* The problem *
The reply should repeat all of the data word for word, with no pictures.

* Data below *
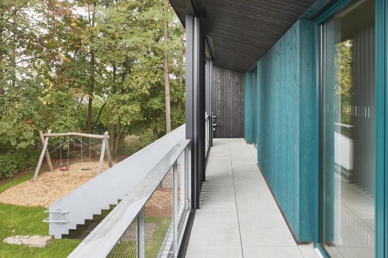 Die Laubengangkonstruktion der Südseite und filigran gruppierte Stahlstützen schaffen eine Zone, die Rückzug und Interaktion ermöglicht. Zwei feuerverzinkte Stahltreppen führen zum Spielgelände. Das Zusammenspiel von Holz und Stahl schafft ein kreatives Werkstatthaus für Kinder.
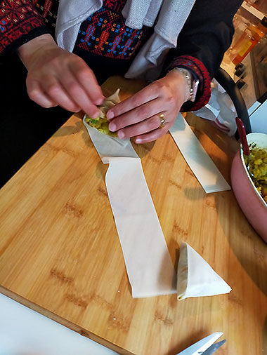 語源は「三角形」から来ています。三角形のパイで中身は何でもいいのですがパレスチナでは肉やチーズ、ザータールなどを詰めます。旨みたっぷりでパリパリで美味しいですよ。
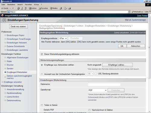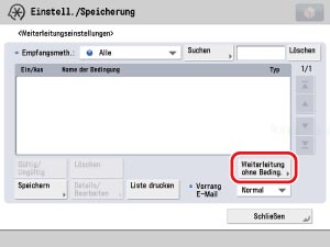 → [Einstellungen Funktion] → [Empfangen/Weiterleiten] → [Allgemeine Einstellungen] → [Einstellungen Weiterleitung] → [Weiterleitung ohne Beding.].

* Exercise answer *
 Die Laubengangkonstruktion der Südseite und filigran gruppierte Stahlstützen schaffen eine Zone, die Rückzug und Interaktion ermöglicht. Zwei feuerverzinkte Stahltreppen führen zum Spielgelände. Das Zusammenspiel von Holz und Stahl schafft ein kreatives Werkstatthaus für Kinder.
 語源は「三角形」から来ています。三角形のパイで中身は何でもいいのですがパレスチナでは肉やチーズ、ザータールなどを詰めます。旨みたっぷりでパリパリで美味しいですよ。
 → [Einstellungen Funktion] → [Empfangen/Weiterleiten] → [Allgemeine Einstellungen] → [Einstellungen Weiterleitung] → [Weiterleitung ohne Beding.].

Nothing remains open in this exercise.